+++ Data +++

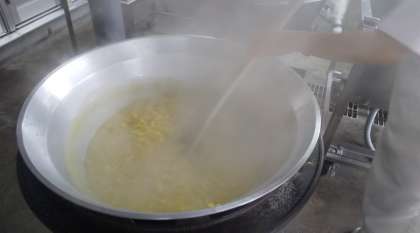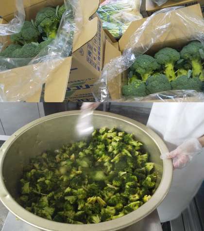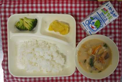今日の給食には、おせち料理のくりきんとんの他、寒い時期に体が温まるかすじる、今が旬のブロッコリーを使ったブロッコリーのしょうがづけ、ご飯、牛乳でした。酒かすが苦手な子にも食べやすいように給食のかす汁には、みそを加えています。
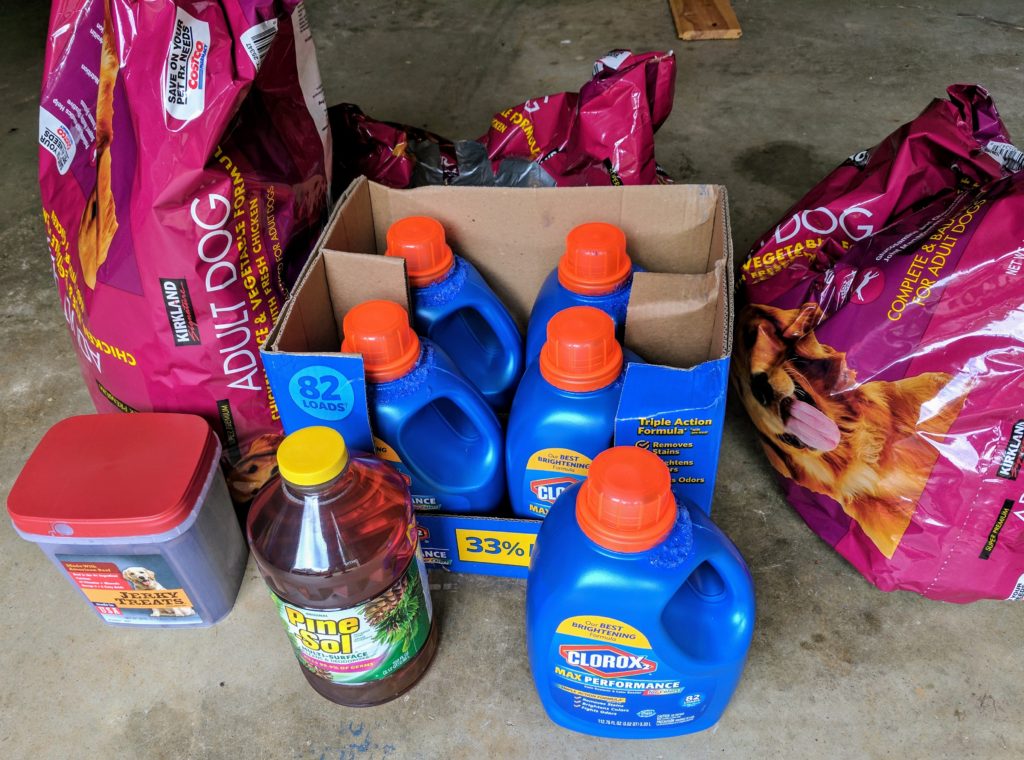 Today HUHA received 3 bags of food, a container of jerky treats, 1 bottle of Pine sol and 5 jugs of laundry detergent! #DonateHUHA
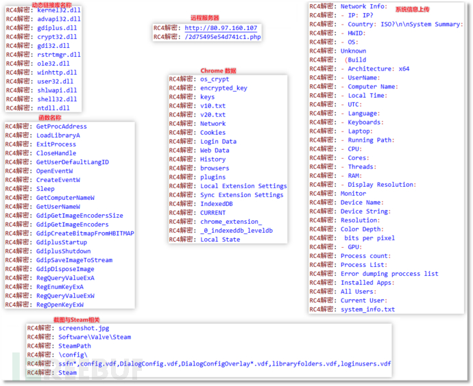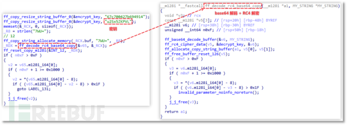 解密字符串:首先会利用 Base64 和 RC4 算法解密被加密字符串,其中 RC4 算法密钥为 u2Sx5ZKPVL。
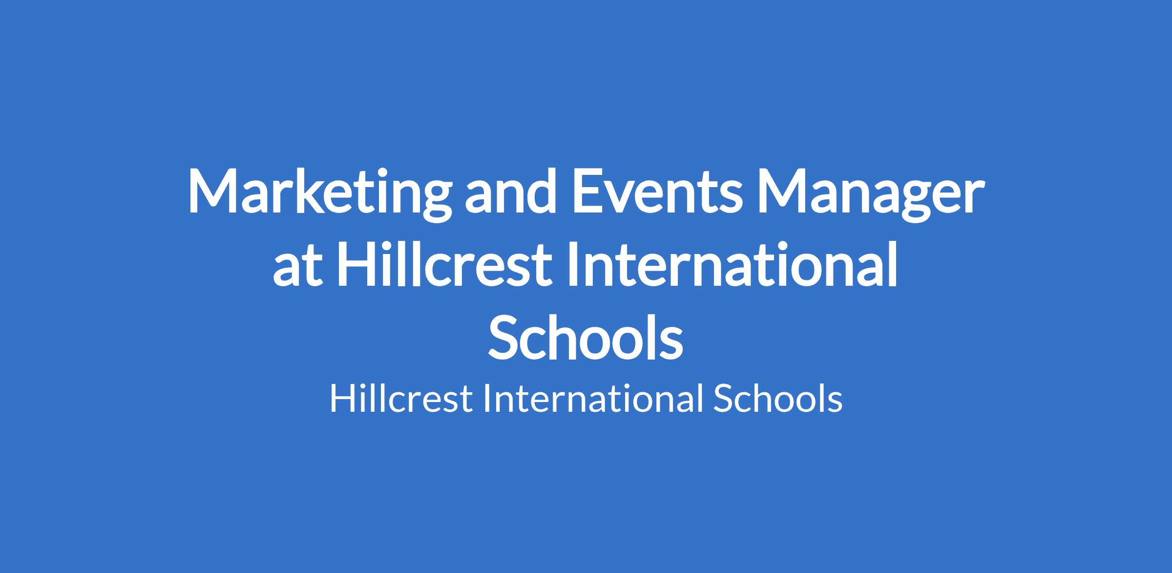 Hillcrest International School seeks to recruit a Marketing and Events Manager to lead the planning, development and delivery of the school's marketing and external engagement strategy in alignment with the Braeburn Group growth and brand frameworks.
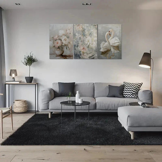 3pcs Romantic Swan and Floral Metal Print Ready to Hang Art
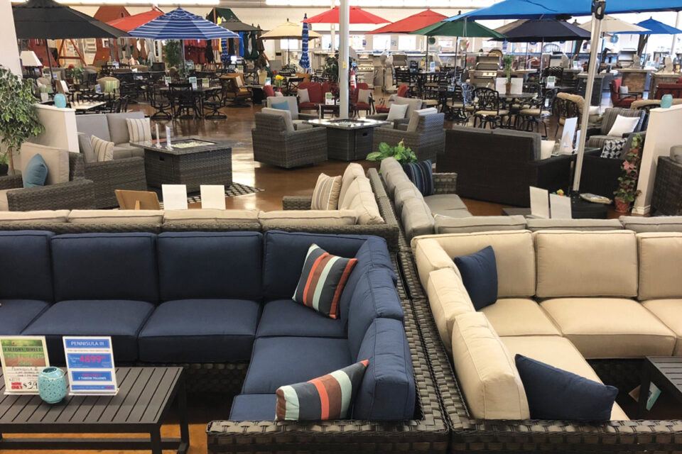 The showroom at Family Leisure in San Antonio, Texas, is still full of backyard living products.
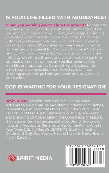 Is Your Life Filled With Abundance? Or are you working yourself into the ground? Regardless of wherever you invest the greatest amounts of your time and energy, chances are, you know you're simply spinning your wheels. Get ready for a new revelation: the truth is, only God works-and only He produces the fruit you're seeking. Only God Works gives you permission to resign from relying on yourself for the things that only God can give you. Once you realize it's God who must provide, your intimacy with Him will grow and you will experience Him producing fruit in and through you like never before. Humility and gratitude will settle in where stress and emptiness used to reside. Your life will take on new meaning as you resign from your work and truly rest in God's work. God is waiting for your resignation!
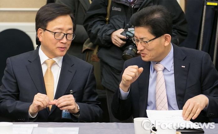 (서울=포커스뉴스) 9일 오전 서울 여의도 국회 귀빈식당에서 경제활성화를 위한 민·당·정 간담회에 앞서 이동근(왼쪽) 대한상의 상근부회장과 송재희 중소기업중앙회 상근부회장이 대화하고 있다.
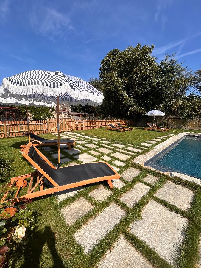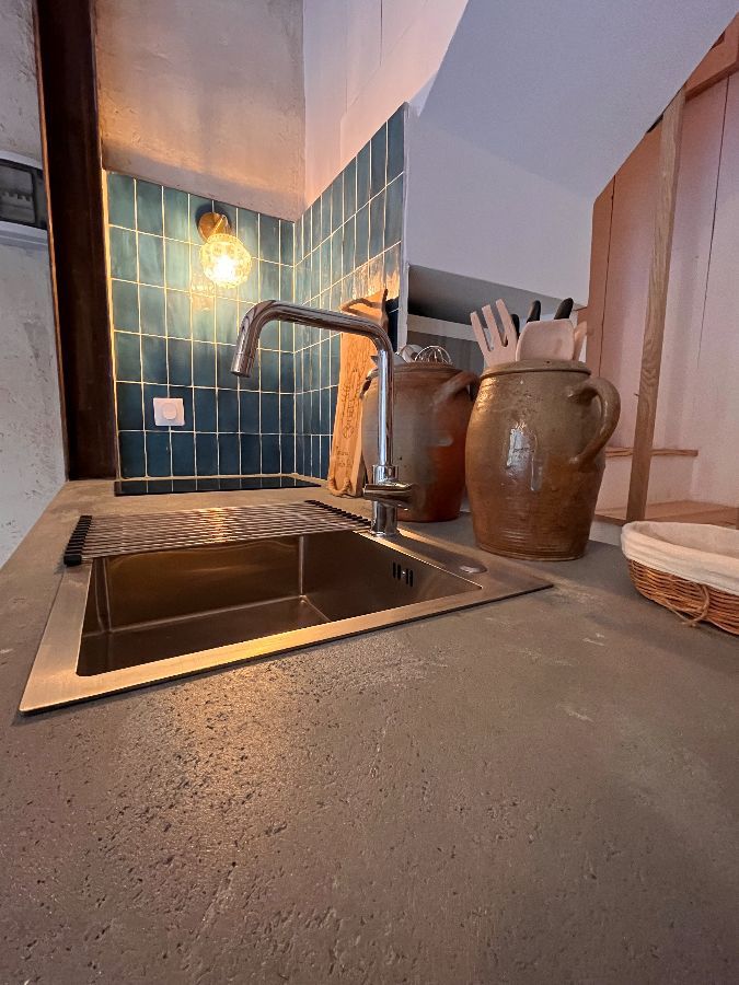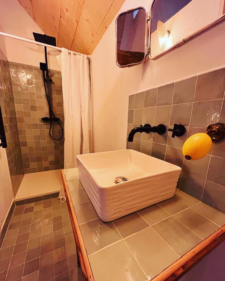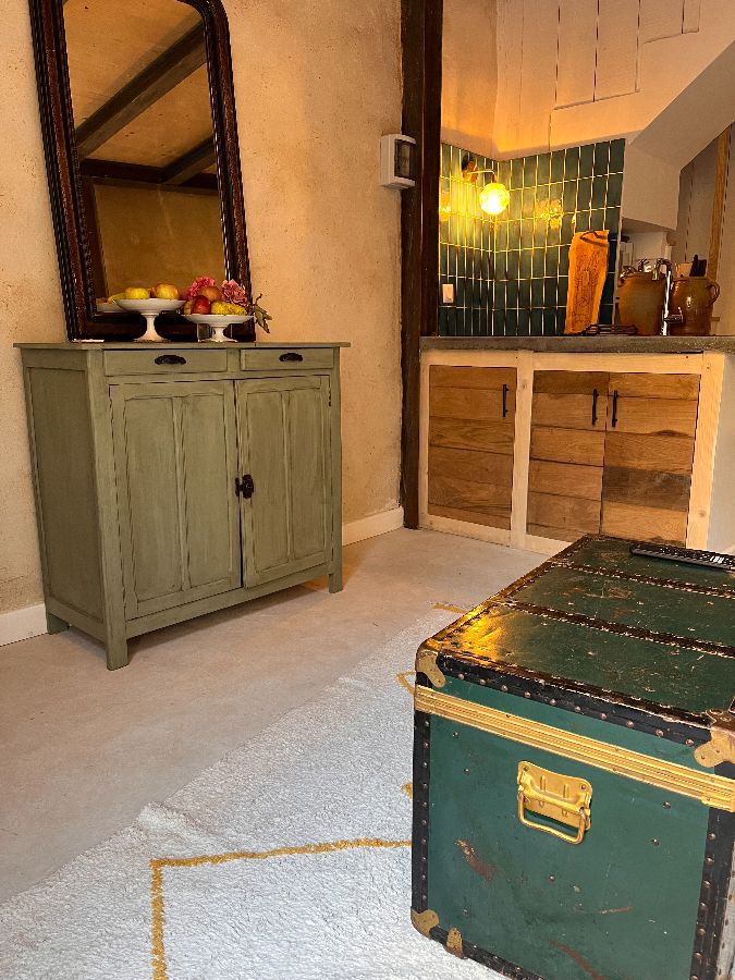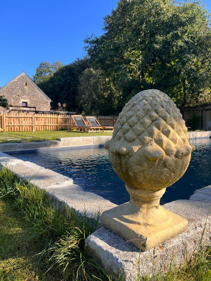 een kleine cocon van zachtheid. Boven is de slaapkamer en de badkamer, waar we gekozen hebben voor katoenen perkal beddengoed voor je nachten. Klein maar zeer goed uitgerust: wasmachine, oven, koelkast, koffiezetapparaat, waterkoker en raclette apparaat. De woonkamer heeft een slaapbank voor een derde persoon. Vanaf het geplaveide terras heb je direct toegang tot de jacuzzi en het zwembad. Je kunt ook rondwandelen in de rest van het park, waar de flora en fauna heer en meester zijn. En als je zin hebt, kun je een schotel met streekproducten voor twee bestellen, of oesters uit Cancale met een glas witte wijn.

+++

Above is the material; set down exactly its lines from the one containing "Hillcrest International School" down to the one containing "The showroom at", both included, leaving out any pictures.

*Output for this task*.
 Hillcrest International School seeks to recruit a Marketing and Events Manager to lead the planning, development and delivery of the school's marketing and external engagement strategy in alignment with the Braeburn Group growth and brand frameworks.
 3pcs Romantic Swan and Floral Metal Print Ready to Hang Art
 The showroom at Family Leisure in San Antonio, Texas, is still full of backyard living products.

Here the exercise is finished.